While the first hour at least sets up the stage for the romance to take off, the film is derailed by a pathetic screenplay later. The plot just refuses to progress. The filmmaker is clueless is about elevating the tension within the story and makes a mess of a potent idea. Just because they want to prove an astrological prediction wrong, the protagonists end up doing strange things beyond comprehension. The sequence where Vikramaditya braves past a sinking ship to meet Prerana could've been a work of art if there was some emotion behind it. 

Several portions in the film don't add up - the threads about a businessman client (to Vikramaditya) who aspires to be a politician and the budding sportswoman he meets in a train, whose career fails to take off owing to a tragedy.
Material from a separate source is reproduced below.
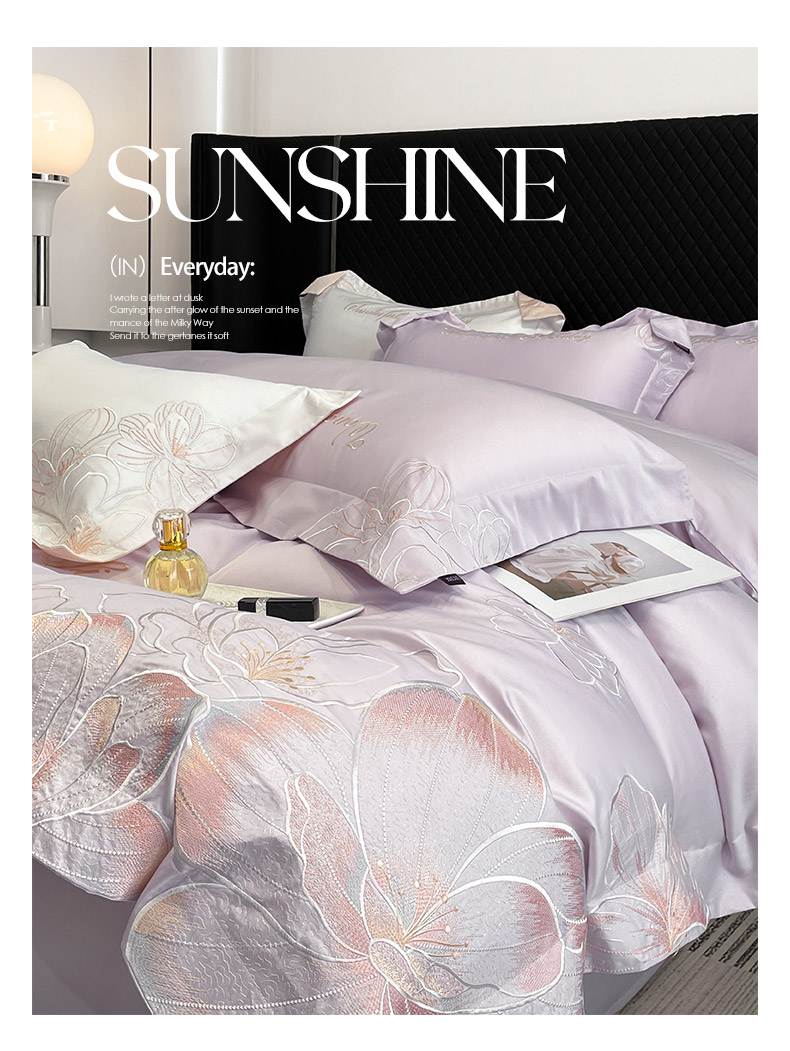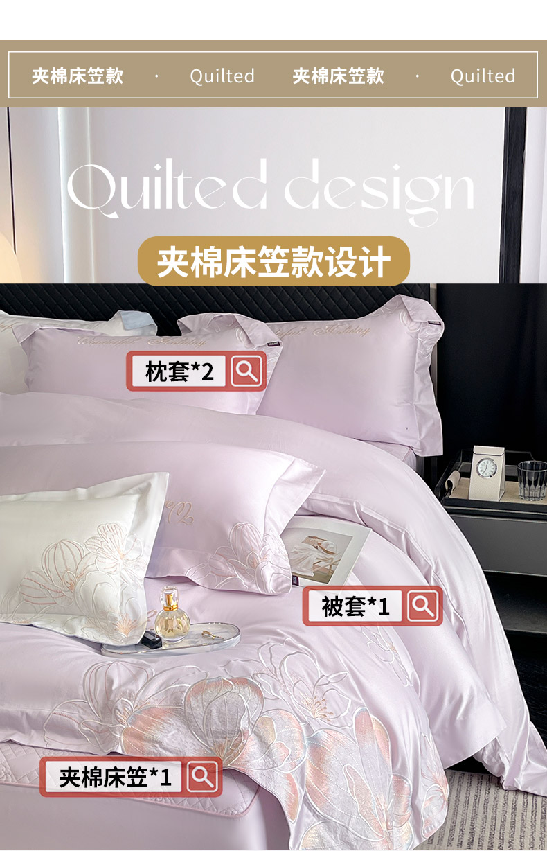 2025新款轻奢风A类100支长绒棉四件套全棉纯棉重工刺绣床单床笠夹棉床笠床盖款高端床上用品-星慕 黛紫

It's understood that the scenes were in place to establish Vikramaditya's credibility as a palmist but they don't further the story at all. Radhe Shyam feels like a series of scenes placed together in a film, where neither the parts nor the whole has any meaning.

Radha Krishna Kumar doesn't do anything to integrate the spirit of Italy into the story. Nothing about the film would've changed even if it was set in Australia or France. Beyond the props, you barely realise that you're watching a film set in the 70s. The surreal locations may have helped the cinematographer though the jarring CGI/VFX work is quite distracting in many situations. 

The performances are so uninspiring too, Prabhas utters his lines as if he's doing a favour to audiences and more than anything, he looks tired and is in real need of a peaceful night's sleep. Pooja Hegde is saddled with a part without any substance though the actress tries hard to give it some personality and meaning. Bhagyashree, as a dancer mother to Vikramaditya, has nothing to do in the film beyond waking her son from bed, making coffee, teaching dance to a few students and mysteriously disappearing later. 

None of the supporting actors have proper characters, be it Sachin Khedekar, Priyadarshi, Riddhi Kumar, Murli Sharma or even Krishnam Raju. Justin Prabhakaran's songs deserved a better film and despite S Thaman's earnest efforts with the background score, there's no life in the proceedings. 

Verdict:

Simply put, Radhe Shyam is style minus any substance and it makes Prabhas' earlier dud Saaho seem infinitely better. That's not a standard you'd want to set for a film. All that glitters is not gold. Neither the story, writing nor the performances. This is a long ride to hell.